Message 70621 in response to message 70620

Quote:
Quote:
You did restart BOINC, though?? :-)

I exited BOINC, dragged the v4.33 files to my Einstein folder and then restarted BOINC. So, I guess the message got "scrolled" out. However, "the last 20%" rule of thumb you refer to can't be very accurate. The result I cited in this message showed the switchover and it occurred fairly early in its processing (roughly 15% from the start).

Not that it matters much, but the stderr of the result you cited starts with a debug message from computing skypos # 36477 of a total of 45570. That means the last 20 % of the run is covered. What you see in the middle of the output is the last re-start of the (new) client before completion, which isn't necessarily the switch-over to the new app (it did run before).

CU

H-B

Stick
Stick
Joined: 24 Feb 05
Posts: 790
Credit: 31200434
RAC: 262

RE: Not that it matters

Message 70622 in response to message 70621

Quote:

Not that it matters much, but the stderr of the result you cited starts with a debug message from computing skypos # 36477 of a total of 45570. That means the last 20 % of the run is covered. What you see in the middle of the output is the last re-start of the (new) client before completion, which isn't necessarily the switch-over to the new app (it did run before).

CU

H-B

Thank you for the explanation! As you probably noticed, I didn't get a response to that first message and didn't understand the stderr_txt process very well. I guess I had also "forgotten about" the second BOINC restart. (I also run uFluids and SZTAKI; and, both have problems checkpointing. Therefore, I try to manage my BOINC restarts carefully and keep them to a minimum. But, obviously, I still can't remember when I do them. ;-))

Dave Burbank
Dave Burbank
Joined: 30 Jan 06
Posts: 275
Credit: 1548376
RAC: 0

My Host has completed one WU

My Host has completed one WU fully with the new beta and four others partly with the new beta and partly with the older beta. Everything looks good so far, still waiting on validation. I'm trying the new Linux beta now to see if it is 'back to speed'.

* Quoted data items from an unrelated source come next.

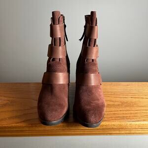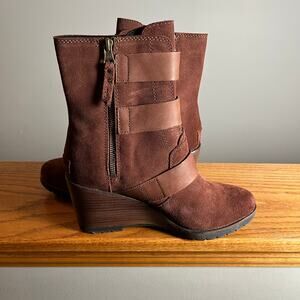 Step out in style with these gorgeous Sorel After Hours suede booties! These size 8.5 brown ankle wedge boots are in excellent condition and come from a smoke-free home. Perfect for adding a touch of chic to any outfit, the leather strap detail elevates the look.
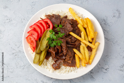 Meat doner menu, iskender menu on plate, turkish special meat doner, food, special menu (Turkish name; pilav üstü et doner)
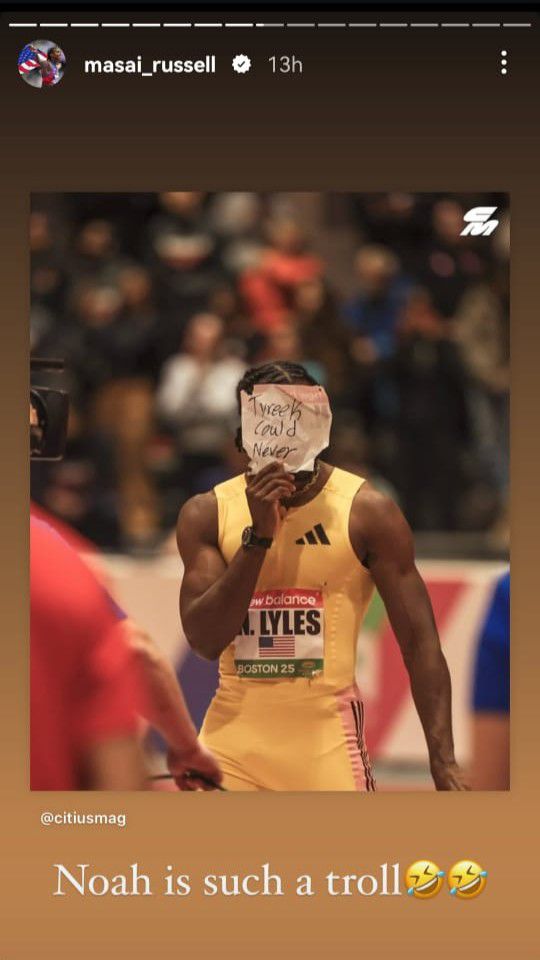 Masai Russell, who also competed at the 2024 Paris Olympics, securing gold in the 100m hurdles while Lyles claimed gold in the 100m, took to social media to chime in on the friendly banter.
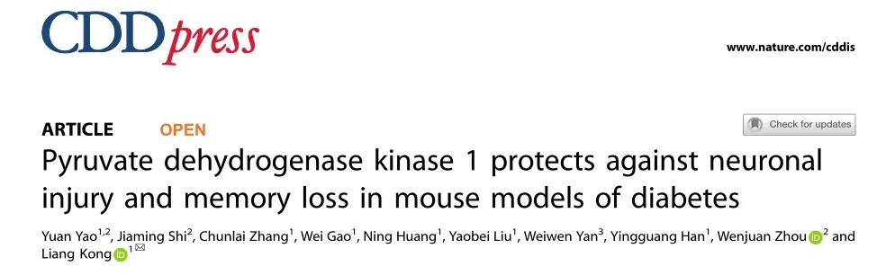 高血糖引起的糖代謝異常是糖尿病(DM)患者神經變性和認知功能障礙的一個致病因素。丙酮酸脫氫酶激酶(PDK)-乳酸軸被認為是代謝重編程與神經系統疾病發病過程之間的關鍵環節。然而,其在糖尿病性神經病變中的作用尚不清楚。2023年11月7日,山東中醫藥大學附屬醫院孔亮團隊在Cell Death & Disease?(IF?9.0) 發表題為“Pyruvate dehydrogenase kinase 1 protects against neuronal injury and memory loss in mouse models of diabetes”的研究論文。文章探討了PDK1在高血糖誘導的異常代謝和神經元損傷中的作用和機制,乙酰輔酶A誘導的組蛋白乙酰化和HIF-1調控PDK1的表達,增強PDK1可能對糖尿病小鼠的認知恢復有保護作用。
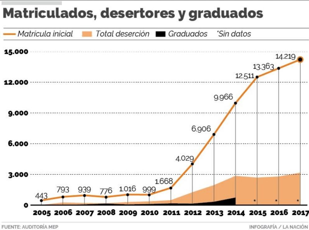 "A partir del año 2011 inicia un crecimiento en la matrícula, por el aumento en la cantidad de secciones nocturnas que iniciaron en dicho año. Asimismo, se observa que la cantidad de desertores y graduados aumentaron; sin embargo, la variable de graduados muestra un crecimiento muy lento en relación a la matrícula inicial e incluso la cantidad de estudiantes que desertaron logra triplicar aquellos que alcanzaron concluir exitosamente el programa", explica el informe 1-17 Secciones Nocturnas en CTP, dado a conocer en 2017.
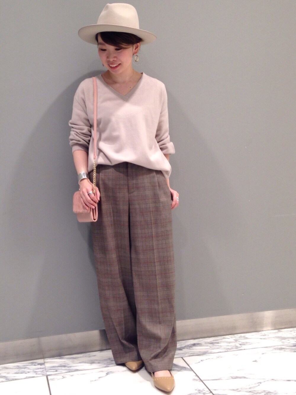 ご覧頂き、ありがとうございます♪♪いいねや、フォローも嬉しいです♡ ありがとうございます‼︎ ピンクとブラウンでほんわかカラーでまとめました(*´∀`)♪ お袖のボリュームがかわいいニットは、ウール100%であったかいです‼︎
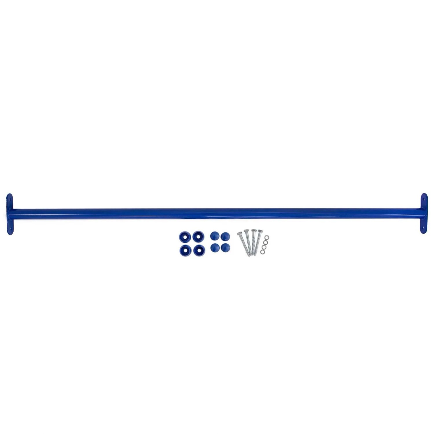 Metalowy drążek w kolorze niebieskim na plac zabaw - zabawa i rozwój w jednym. Wytrzymały drążek o szerokości 125 cm i maksymalnym udźwigu 100 kg to doskonałe uzupełnienie każdego placu zabaw. Malowany proszkowo, odporny na warunki atmosferyczne i łatwy w montażu, zapewnia dzieciom wiele możliwości aktywnej zabawy - od podciągania, przez akrobacje, aż po wspinaczkę. Dzięki niemu najmłodsi rozwijają sprawność ruchową, koordynację i wzmacniają mięśnie, jednocześnie świetnie się bawiąc. Solidna konstrukcja i ergonomiczny design sprawiają, że drążek jest bezpieczny, trwały i idealny dla dzieci w różnym wieku.
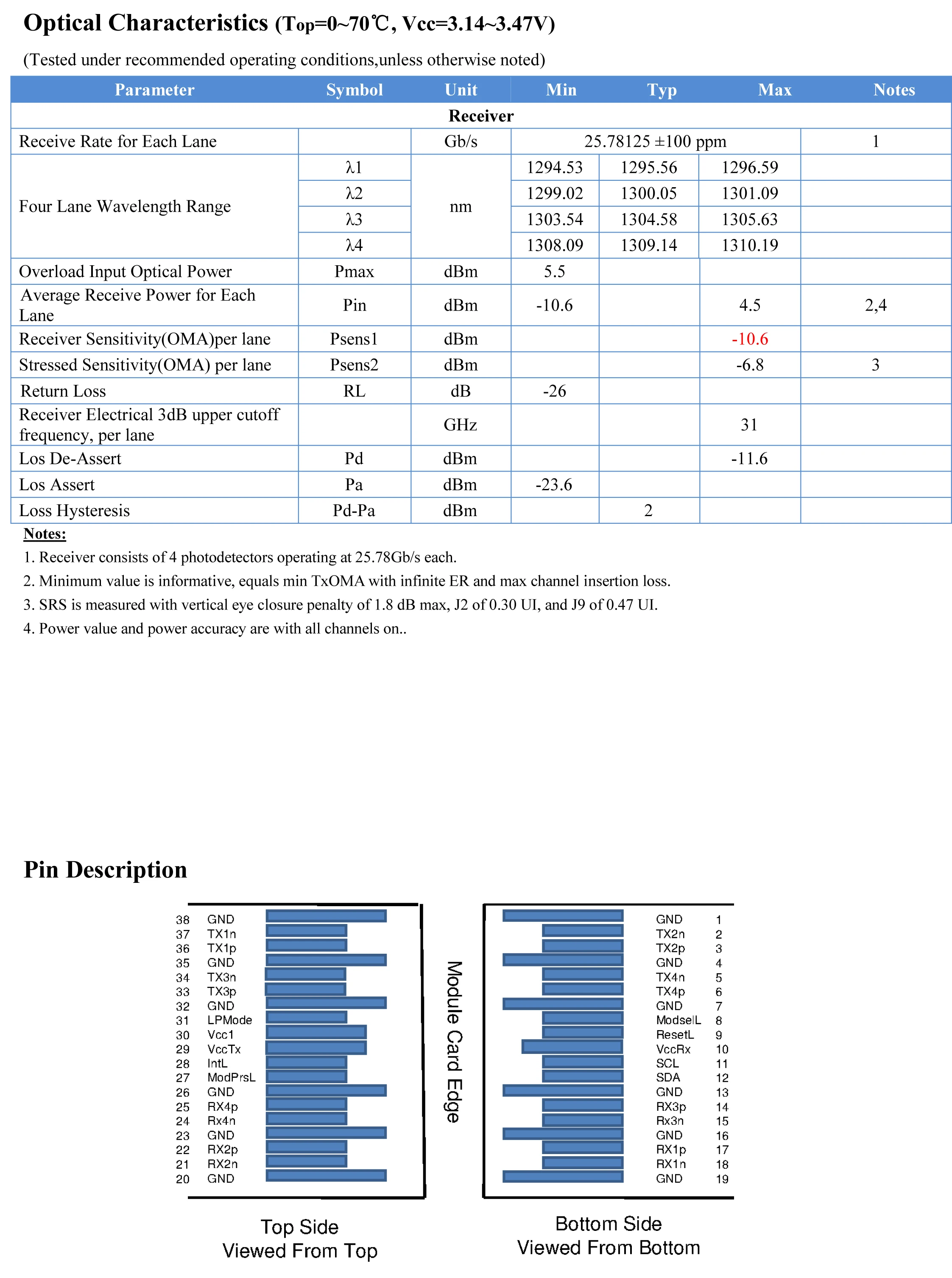 100Gb/s QSFP28 LR4 10km LC LWDM Single Data Rate
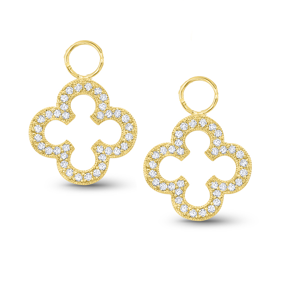 These diamond clover earring charms combine the playful clover shape with the elegant sophistication of 72 glamorous .32 ct tw diamonds. You are sure to immediately fall in love with the sweet and subtle charm of these gorgeous earrings and you will want to wear them to compliment every outfit!

There are 10^11 stars in the galaxy. That used to be a huge number. But it's only a hundred billion. It's less than the national deficit! We used to call them astronomical numbers. Now we should call them economical numbers. - Richard Feynman

Gary Roberts
Gary Roberts
Moderator
Joined: 9 Feb 05
Posts: 5845
Credit: 109956980611
RAC: 31263256

Here is the results list of a

Here is the results list of a machine that was crashing on previous apps but then had success when switched to 4.33. The success was shortlived as there have now been two crashes since the "success" result whilst still on 4.33. Hopefully Bernd might be able to make some sense from this.

Cheers,
Gary.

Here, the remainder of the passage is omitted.